George Takei and Brad AltmanKIM:  And that is part of why you came out of the closet to talk about these things.  Was it also because of your father’s influence that you waited so long to come out of the closet?
GT:  You are probably making reference to 2005.  I am gay, but my partner Brad Altman and I have been together for 20 years [Takei introduces Brad Altman, who stands up to a warm round of applause].  We have been out for many years, and it is only that I have not spoken to the press about it.
KIM:  And you just decided to issue a press release one day saying, “I’m gay?”
We are engaged in society and financially contribute to many non-profits, and our names are carved together on building walls, some even in granite.  So we’ve been out for a long time.  I mean, when you have your name together in the public eye…that is out.  I just never spoke to the press about it.  The reason I talked to the press in 2005 was because of a historic event that happened in California,
Both houses of our legislature, the assembly and senate, passed the “same sex marriage” bill.  It was historic.  There is a same sex marriage bill in Massachusetts but that came through the judicial route, through the courts, but this was the first time that the legislature, both houses, passed the same sex marriage.  The only thing required to make it become a law of our state was a signature from our governor…and you know who he is.  A former movies star.  And when he ran for office, he made all these political statements, “I am from Hollywood, I have worked with gays and lesbians, I am comfortable with them.”


On the TONIGHT SHOW with Jay Leno, while he was campaigning, Leno gave him a hypothetical asking, “If our legislature passed the same sex marriage bill would you sign?”  Our governor said, “Yes I would.  Some of my best friends are gays and lesbians.”  I thought surely that after it was passed and he campaigned the way he had that he would sign it.  But no, he vetoed it; he was playing into the narrowest and most reactionary segment of the Republican Party.  I felt I needed to speak out, and for me to speak out on this issue, my voice needed to be authentic and so I spoke to the press.  So the press is the one who has decided that we came out in 2005.
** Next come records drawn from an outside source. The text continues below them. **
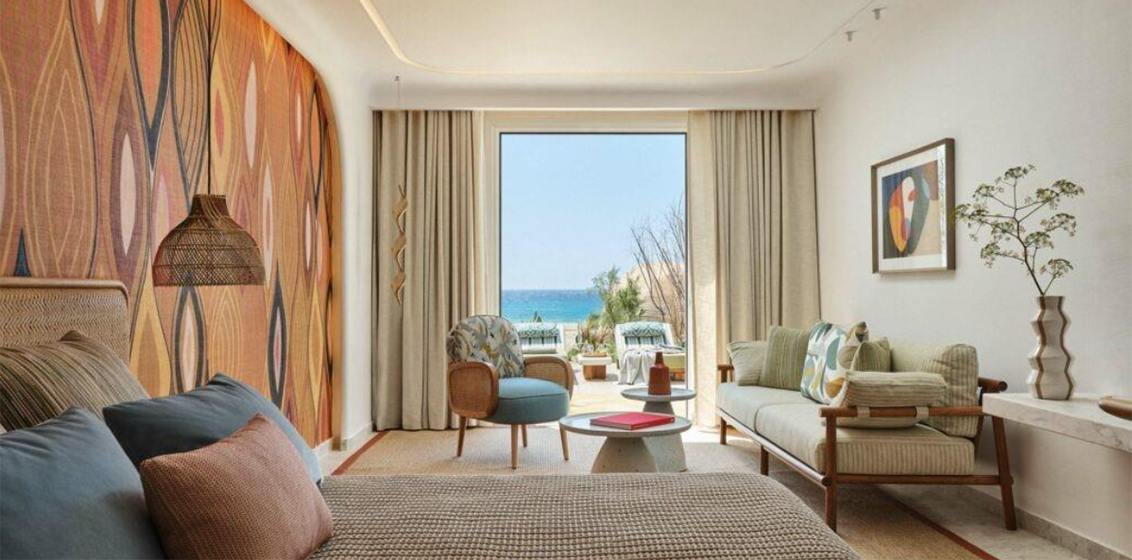 Rooms and suites emphasise space, comfort and sweeping sea views — think marble features, private terraces, modern textures.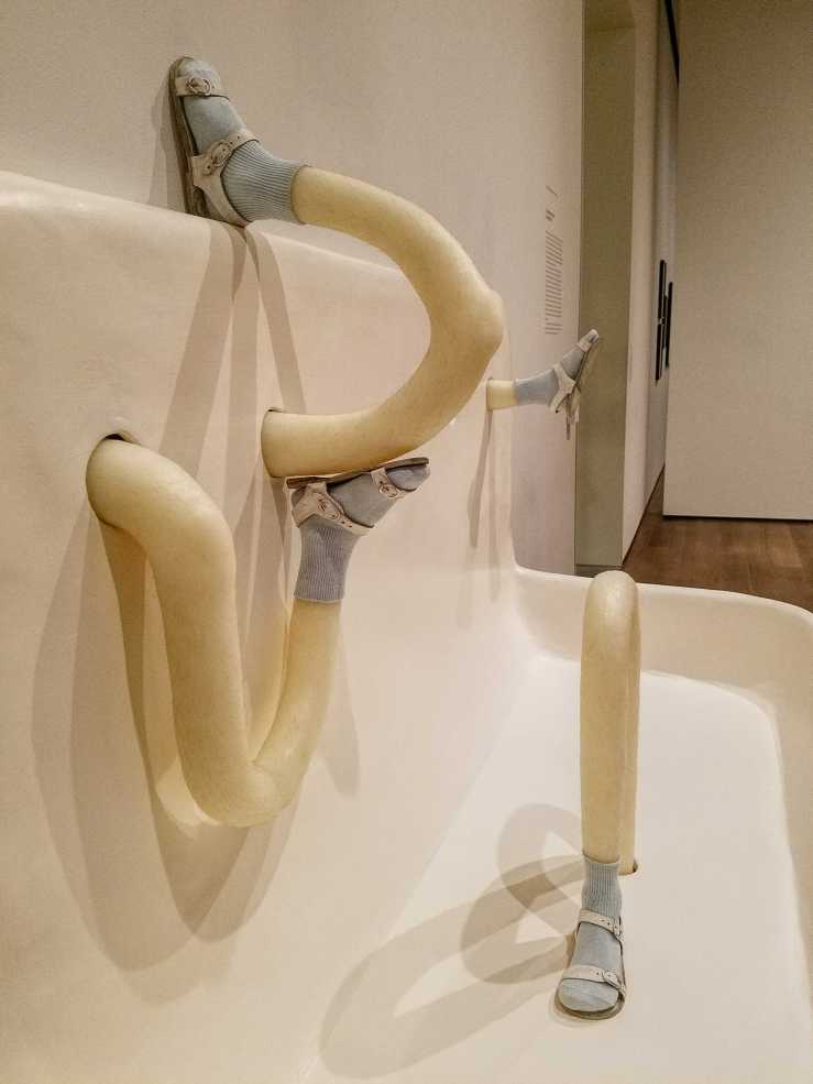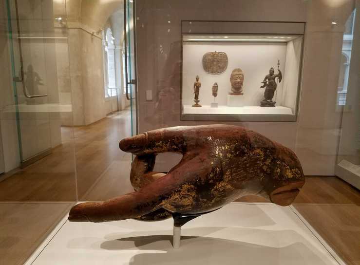 ”The third and fourth fingers of this enormous left hand in the centre of the gallery, sculpted in a palm-up posture, would originally have curled upward to the thumb as part of a symbolic hand gesture, or mudra. Recent scholarly detective work has established that this hand belonged to a 16-foot standing Amida Buddha, installed at Shin-Daibutsu-ji Temple in Mie prefecture in central Japan. The sculpture’s right hand would have been held pendant, palm facing outward to complete the mudra, which is known in Japanese as the sakate raigō-in, or ”gesture of welcome to the soul of the deceased with upturned palm”.”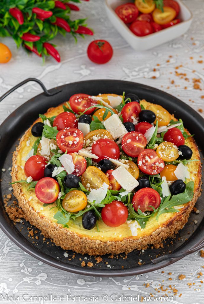 Heute schlage ich euch einen wunderschönen und leckeren pikanten Käsekuchen mit Tomaten, Oliven, Rucola und Parmesan vor. Ein schöner herzhafter Kuchen mit frischen und natürlichen Zutaten! Auch für Vegetarier geeignet. Habt ihr schon einmal einen pikanten Käsekuchen probiert? Er ist köstlich! Perfekt als Vorspeise, für ein raffiniertes Abendessen oder als Hauptgericht. Ich liebe pikante Käsekuchen, sie sind sehr einfach zuzubereiten und wirklich beeindruckend. Der heutige Vorschlag wird im Ofen gebacken und ist ohne Gelatine. Er hat eine Basis aus Crackern und Butter, typisch für Käsekuchen. Gefüllt mit einer Creme aus Ricotta und griechischem Joghurt. Schließlich dekoriert mit Tomaten, Rucola, Parmesan und Oliven. Bevorzugst du Käsekuchen ohne Backen? Probier die Version mit Gorgonzola, Feigen und Prosciutto Crudo. Oder mit Mortadella und Pistazien, frisch und zart. Lass uns das Verfahren mit den Schritt-für-Schritt-Fotos durchgehen.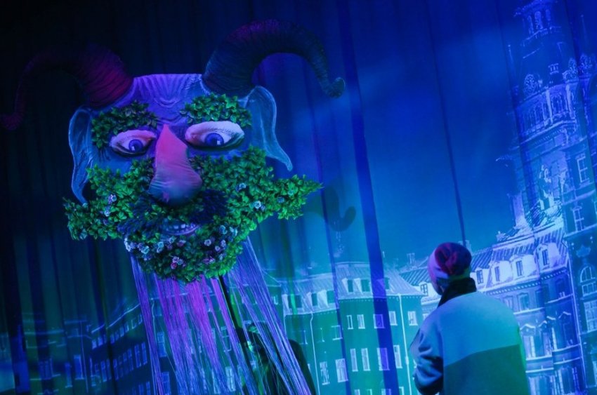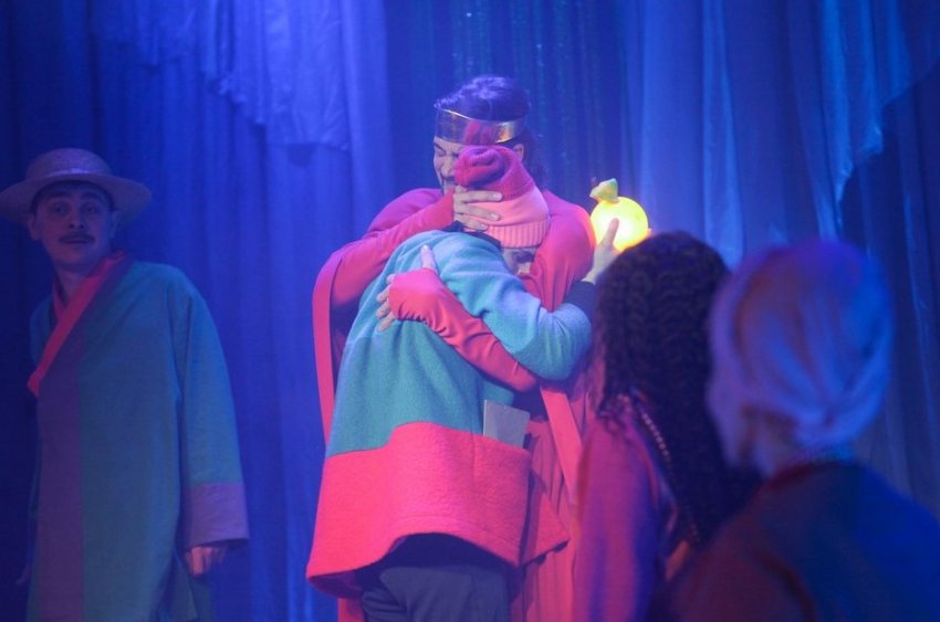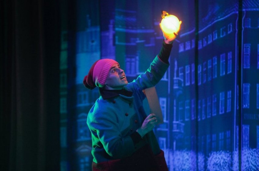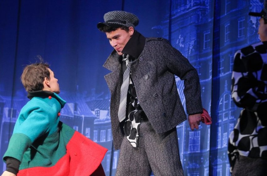 К темпу спектакля вообще вопросов нет — все в нем развивается постепенно, как раз настолько быстро, чтобы осознать все радости, горести и решения главного героя. Вот он, сирота Боссе, на улице, в коротком пальтишке и нелепой шапке, его обижают мальчишки, вот за него заступается хозяйка магазина, а вот появляется джинн, который уносит его в страну, где он встречается со своим отцом Королем (Ильнар Низамиев). И вот уже Боссе — это принц Мио, у него футболка с принтом отца, а его друг в том мире Бенка — это верный Юм-Юм, сын садовника. А мальчишки, которые его обижали, теперь пастухи, которые дарят ему флейту.

NEXT SUNDAY: In the final part of this intriguing interview, Takei talks about his licentious roasting of William Shatner on the Comedy Network, how he became a semi-regular on the Howard Stern show (a man he initially despised), his involvement on the hit show HEROES and the somewhat shameful way he got on the show, which reflects that even today and with his pedigree as an actor, Asian American actors are still treated unfairly in Hollywood.
[*AUTHOR NOTE: Regarding America’s forgetfullness of the Japanese internment camps, it is worth noting that our country is not the only one blind to its historical misdeeds. Many people in Japan do not know that their army slaughtered 300,000 Chinese men, women and children, and raped 20,000 Chinese women and girls during the Rape of Nanking; Japan’s current ruling party recently claimed that these events never occurred.]